The reply should contain every line of the data, repeated exactly, and no pictures.

Data shown: Begin

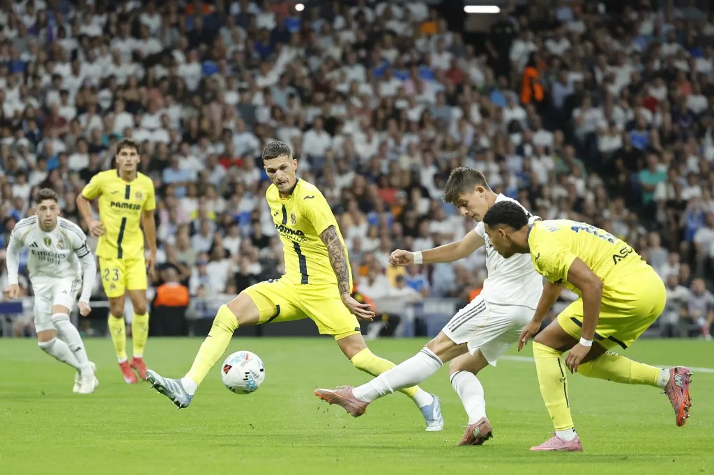 Az első félidő nagy hazai mezőnyfölényt hozott, és öt hazai helyzetet: egyszer Güler lőtt az ötös bal sarka elől a kapu fölé, kétszer a 100. realos mérkőzésén szereplő Aurélien Tchouaméni fejelt a léc fölé; Mbappé pár remek passz mellett egyszer kapura lőtt, de a jobb alsó előtt vetődve fogta a labdát Arnau Tenas, Renato Veiga meg hatalmasat mentett Franco Mastantuono próbálkozásánál.
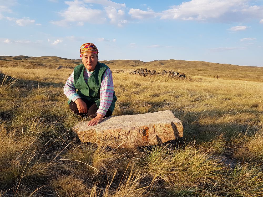 سۋرەتتەردە: ماديان ءتۇسىپ ۇلى. سۋرەت اقبۇلاق اۋىلىنداعى مۋزەيدەن الىندى; ماديان ءتۇسىپ ۇلى كوتەرگەن تاس جانىندا وتىرعان كەلىنى بيبىگۇل كەنجەبايقىزى.
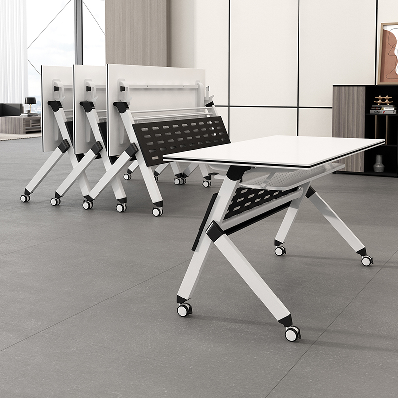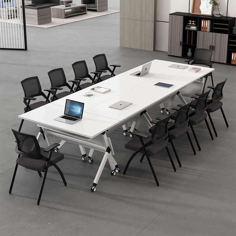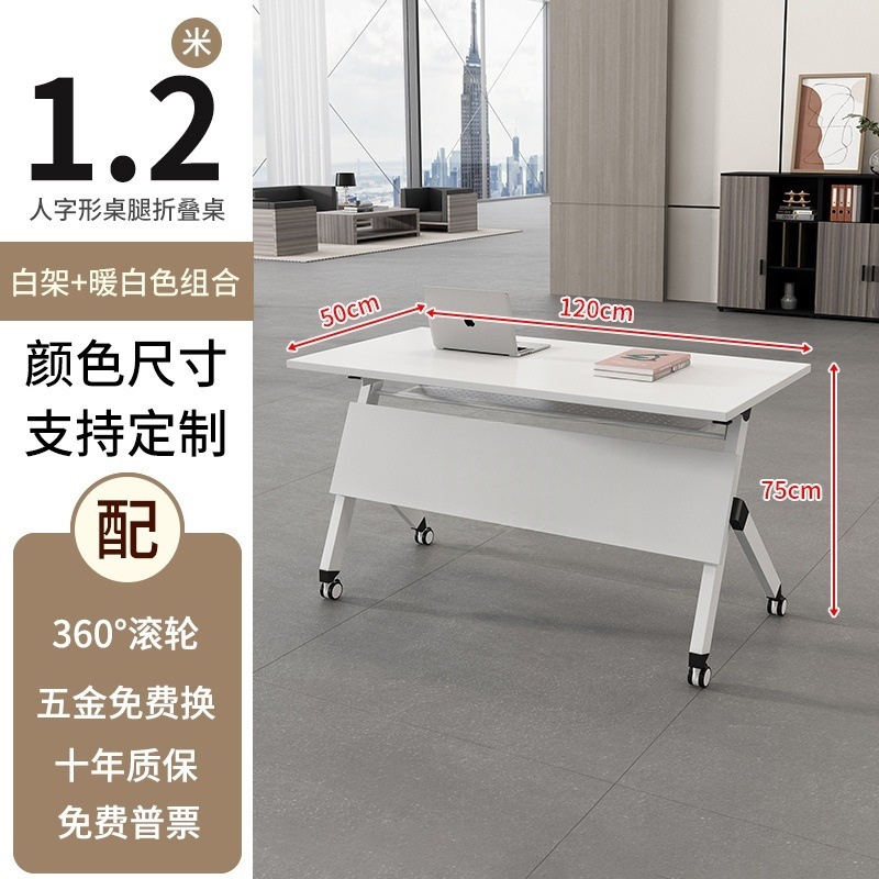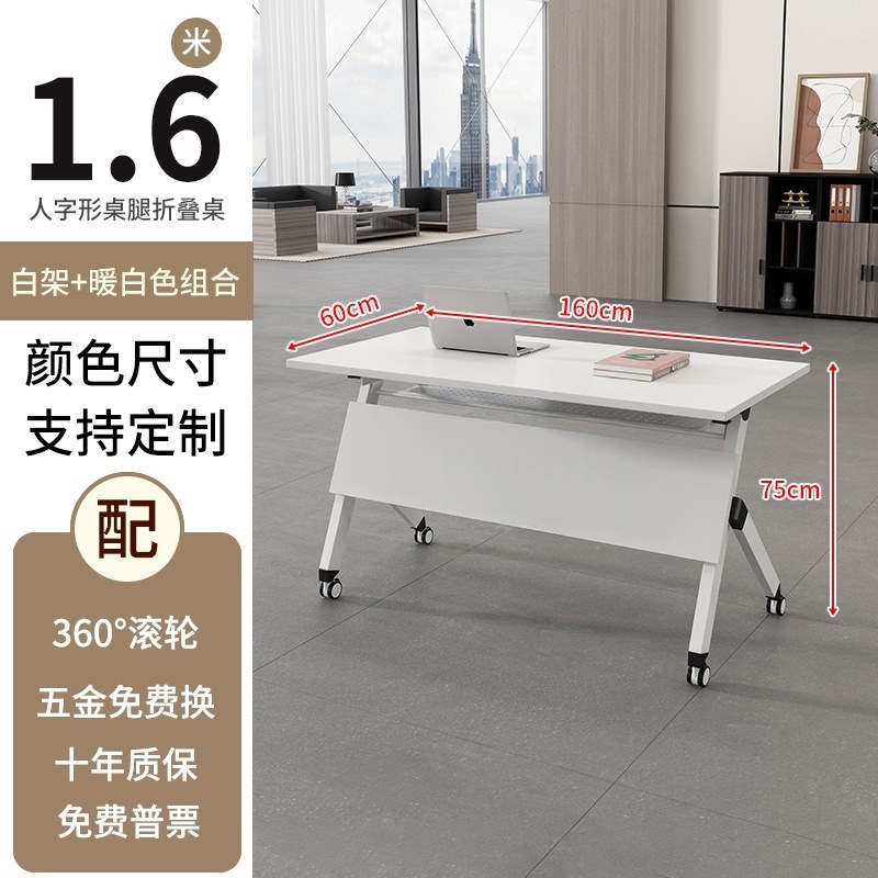 折叠培训桌会议桌椅组合侧翻学生课桌带轮移动拼接活动办公长条桌

Data shown: End

**Result of this exercise:**
 Az első félidő nagy hazai mezőnyfölényt hozott, és öt hazai helyzetet: egyszer Güler lőtt az ötös bal sarka elől a kapu fölé, kétszer a 100. realos mérkőzésén szereplő Aurélien Tchouaméni fejelt a léc fölé; Mbappé pár remek passz mellett egyszer kapura lőtt, de a jobb alsó előtt vetődve fogta a labdát Arnau Tenas, Renato Veiga meg hatalmasat mentett Franco Mastantuono próbálkozásánál.
 سۋرەتتەردە: ماديان ءتۇسىپ ۇلى. سۋرەت اقبۇلاق اۋىلىنداعى مۋزەيدەن الىندى; ماديان ءتۇسىپ ۇلى كوتەرگەن تاس جانىندا وتىرعان كەلىنى بيبىگۇل كەنجەبايقىزى.
 折叠培训桌会议桌椅组合侧翻学生课桌带轮移动拼接活动办公长条桌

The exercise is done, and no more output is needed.